# Overview

The next topics will explain various models commonly used to analyze panel data. Each of these models have their own strengths and assumptions and the choice of an appropriate model depends on the specific research question and the underlying assumptions that hold for the panel data set at hand. This series of articles aims to provide guidance in choosing the most suitable model for your analysis!

The following models will be discussed: - Pooled OLS - First-difference estimator - Within estimator (Fixed effects) - Between estimator - Random effects

We start with the Pooled OLS model in this topic!

## Pooled OLS Model

The Pooled OLS model applies the Ordinary Least Squares (OLS) methodology to panel data. This model assumes that there are no unobservable entity-specific effects, meaning that all entities in the data set are considered to have the same underlying characteristics. Consequently, $\alpha_i$ is assumed to be constant across individuals and there is no dependence within individual groups (firms).

By assuming no dependence across individual groups, Assumption 1 of the Fixed Effects Regression Assumptions holds, which states that the error term is uncorrelated with the independent variables. Estimating the Pooled OLS model obtains unbiased estimates of the regression coefficients, under the condition that the other assumptions of the OLS model are satisfied.
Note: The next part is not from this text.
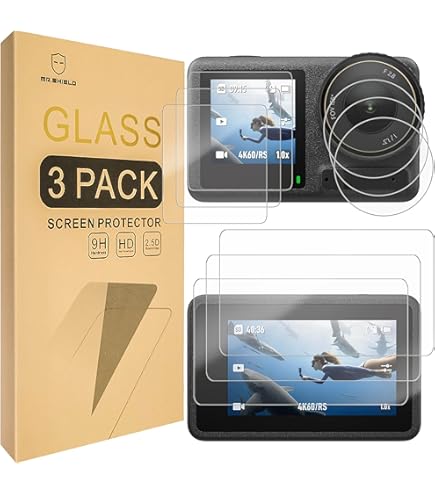 Protection Anti-rayures Haute Clarté Amazear Lot De 2 Films Protecteurs D'écran En Verre Trempé Avec Capuchon D'objectif Pour Appareil Photo DJI Osmo Action 5 Pro - Résistant Aux Rayures - Sans Bulles Accessoire DJI Osmo 360 Anti-traces ULBTER Protection d'écran pour appareil photo DJI Osmo Action 5 Pro + capuchon d'objectif [2 + 6 pièces], 0,3 mm, dureté 9H, protection en verre trempé, anti-rayures, anti-bulles Bouclier diamant 9H et résiste aux clés, aux pierres et aux chutes – Testé en laboratoire pour résister aux rayures (3 fois plus résistant que le verre ordinaire). Capturez des panoramas réalistes – pas de brume, pas d'effet de filtre, juste ce que votre œil voit Protégez efficacement l’écran de votre DJI Osmo 360 Conçu sur mesure pour le DJI Osmo 360 Verre trempé 9H : excellente résistance aux rayures, chocs et traces Ultra fin et réactif : n'altère pas la sensibilité tactile Protection complète contre l’eau, la poussière, l’huile et les empreintes Installation facile grâce à une... Revêtement oléophobe qui fait rire les traces de doigts et les gouttes de pluie Pas d'obstruction de l'objectif, pas de frustration d'alignement – juste une prise de vue panoramique cristalline 99 % de clarté HD comme le viseur : le verre optique de qualité militaire élimine la distorsion des couleurs. Conçu avec précision pour DJI Osmo 360 – Découpe au laser à une précision de 0,1 mm pour une couverture transparente bord à bord.
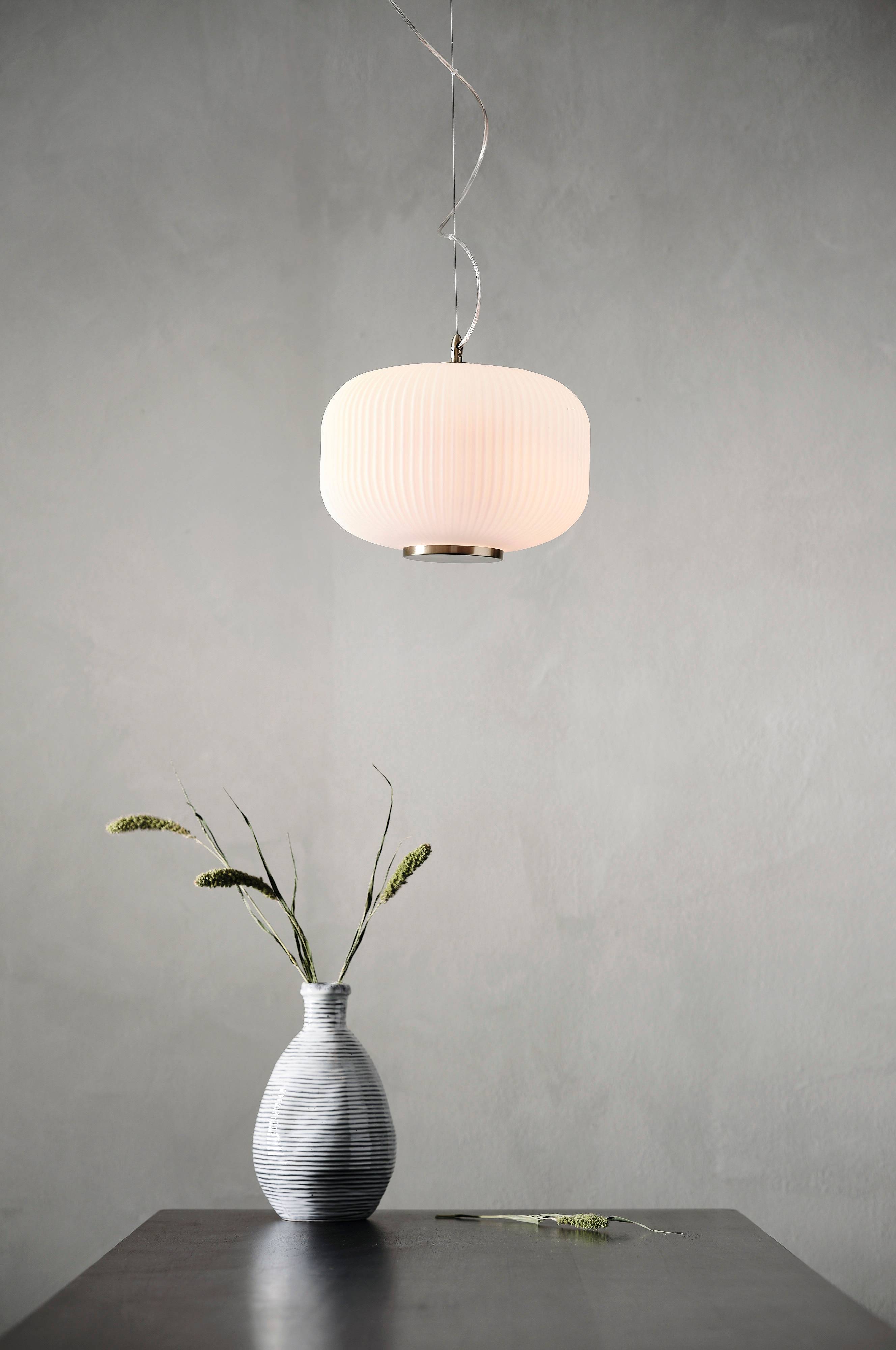 Lampa sufitowa ze szczotkowanego mosiądzu, której plisowany klosz wykonany jest z białego szkła. Ta ustawna lampa zapewnia klasyczne i ponadczasowe oświetlenie. Przezroczysty przewód o długości 1,1 m.

## The model with `Grunfeld`

data

The model can be represented as follows:

$invest_{it} = \beta_0 + \beta_1 value_{it} + \beta_2 capital_{it} + \epsilon_{it}$

where,
- $invest_{it}$ is the gross investment of firm `i`

in year `t`

- $value_{it}$ is the market value of assets of firm `i`

in year `t`

- $capital_{it}$ is the stock value of plant and equipment of firm `i`

in year `t`

- $\epsilon_{it}$ is the error term

The model *pools* observations together from different time periods, ignoring they belong to specific firms. As a result, all observations are treated as if they come from a single group, effectively combining the panel data into a cross-sectional data set. The model coefficients can then be estimated using OLS.

## Estimation in R

The `plm`

function in R is specifically designed for panel data analysis. To estimate a Pooled OLS model using the `plm`

function, specify the model type as "pooling" within the function.

The `index`

argument specifies the index variables that define the panel structure of your data. Including this is not strictly necessary when the data is already in a default panel data format and the `plm`

function will automatically detect the first column as the entity index and the second column as time index.

```
# Load packages & data
library(plm)
library(AER)
data(Grunfeld)
# Estimate pooled OLS model
model_pooled <- plm(invest ~ value + capital,
data = Grunfeld,
index = c("firm", "year"),
model = "pooling")
summary(model_pooled)
```

Since the Pooled OLS model effectively treats the panel data as cross-sectional data by ignoring entity-specific effects, you can also use the function `lm`

and obtain the same results.

Pooled OLS is the simplest model to estimate and interpret. However, be careful using it. Panel data without entity-specific effects is very unlikely and the assumption of independence across groups is unrealistic in many cases. Using pooled OLS in the presence of unobserved entity-specific factors can lead to omitted variable bias and produce biased results.